First off, several of you asked if I was aware that Apple had already unified the user experience for Mac/iPod/iPhone/iPad. I was aware what they had done in the iPod/phone/pad experience, but I thought the desktop/notebook experience wasn't the same. Dave Yeager, though, sent in this:
I'd say very much they are similar. Launchpad on OS X is basically iOS on your iMac or MacBook: Launchpad
It is fascinating watching my wife work on her MacBook for example - I tend to prefer using keyboard shortcuts wherever possible whether I'm using an OS X machine at home or a Windows PC at work, but she uses Mac stuff exclusively in her office and operates her MacBook the same way you'd operate an iPhone or iPad. Since Apple mice since the Mighty Mouse have had gesture recognition (you can swipe across the surface of your mouse to do things), Apple has gone out of their way to really build out that functionality, and now that their most recognizable devices use touch only interfaces, it's a natural transition for them.
My wife launches all her applications from Launchpad which works just like her iPhone screen because it feels natural to her and she can swipe on her MacBook's touch pad. When she has multiple windows/applications open, she doesn't use keyboard shortcuts to switch between them or steer her mouse between windows, she swipes on her touch pad - the same way you would do in iOS.
Lost in the new iPad madness is the new Apple TV interface where it looks like they are finally going to give it an iOS style interface as well: Apple TV
On top of all that, for some time now Apple devices have had iCloud which syncs everything across all your devices without having to do anything. If I purchase a song on my iPhone, it is immediately available on my iMac, iPad, or Apple TV for example.

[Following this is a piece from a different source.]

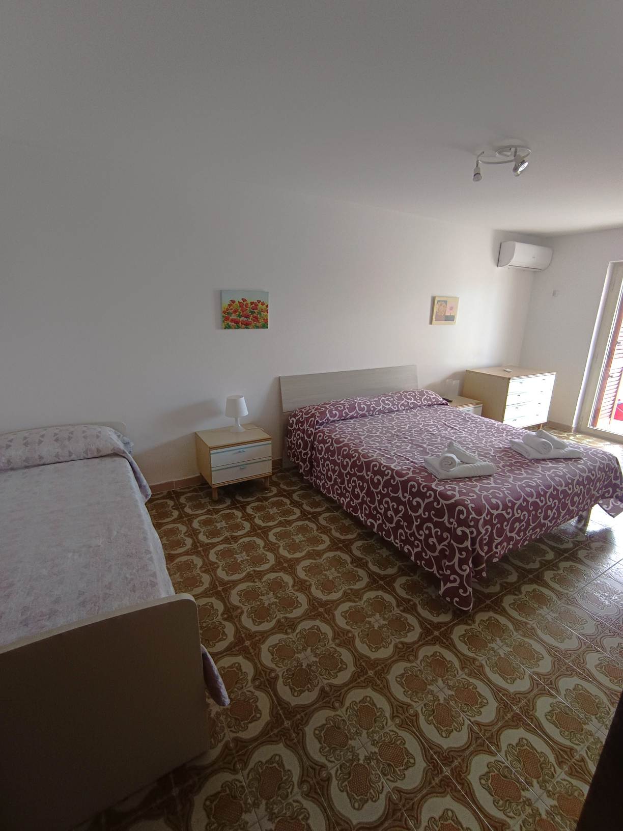 Camera matrimoniale : Letto matrimoniale, lettino supplementare, biancheria, comodini, guardaroba, climatizzatore, TV.

So yes, very much I would say Apple already has accomplished what Microsoft is looking to do with this. This is not accusing Microsoft of stealing in any way - I thoroughly enjoy both platforms and use them both on a daily basis. But I definitely do not see much new here in concept - what I see is Microsoft realizing that Apple has them beat with a unified platform and it WORKS in the marketplace, and they need to do the same thing if they want to keep up.
That's very interesting, and thanks to Dave for the information. Now, an e-mail from Ryan Malinowsky which has additional information about Win 8/Metro:
Last year my company sent a couple of our developers to the //build event where Windows 8 was officially debuted (I'm a developer myself, but sadly I didn't get to attend). When they came back they brought with them a couple of Samsung Series 7 tablets that were specially built for //build and to run Win8. They also brought back a ton of technical information regarding the OS which got me to start researching how it works, and it's gotten me pretty excited.
Before I get to the more technical stuff, though, let me mention that tablet. In a word, its fantastic. I've had an iPad for over a year now and I love it. I use it every day, and at this point I use it more than my desktop at home. I also have friends who have Galaxy Tabs and Kindle Fires, but that Samsung tablet, even though it is running what is basically an Alpha OS, already feels better in some ways. The UI is extremely responsive (there was never even a hint of slowness in my tests), it's very easy to switch between apps and to navigate around in general, and everything feels more connected than it does in iOS or Android. And that's with it running the Developer Preview build. We haven't tried it out with the Consumer Preview yet, but so far I am very impressed with Win8 as a tablet OS.
On the other hand, they haven't convinced me just yet that Metro is a superior experience for desktop PCs. If you aren't taking advantage of the touch features, working in Metro feels a lot more restrictive to me on a PC. I've tried it out on a virtual machine I have set up at work, and on a PC where it was installed as the primary OS. While everything works, its still easier for me to move around/switch between apps/multitask on the traditional desktop. I'll have to use it more to get a feel for how the Metro/desktop balance will work, but for now it feels kind of clunky.
The thing that has me really excited, though, is what they are doing under the covers to make Win8 truly cross platform and easy to develop for. Its a pretty powerful thing to have the same OS run on tablets and desktops because now I only have one platform to write apps for, and its a very powerful platform. I don't want to go into too much detail, but they've essentially rebuilt much of the OS from the ground up for Metro to make it more streamlined and to remove much of the legacy baggage that has plagued Windows for years. This is probably one of the most ambitious things Microsoft has ever attempted, and I'm also glad to see them give it a shot.
This has already gone on for much longer than I intended, but I did want to point out one more thing that you touched on in your post, and that is how this will all fit in with the Xbox 720. Basically, once Windows 8 tablets are widely available, I see no reason why MS can't do what Nintendo is doing with the WiiU interface, only to a much greater extent. They could make it to where your Win8 tablet can interface with the Xbox to stream content, play games, share data, etc. I wouldn't be surprised at all if that is a major part of their Xbox strategy going forward, given how popular gaming on tablets has already become.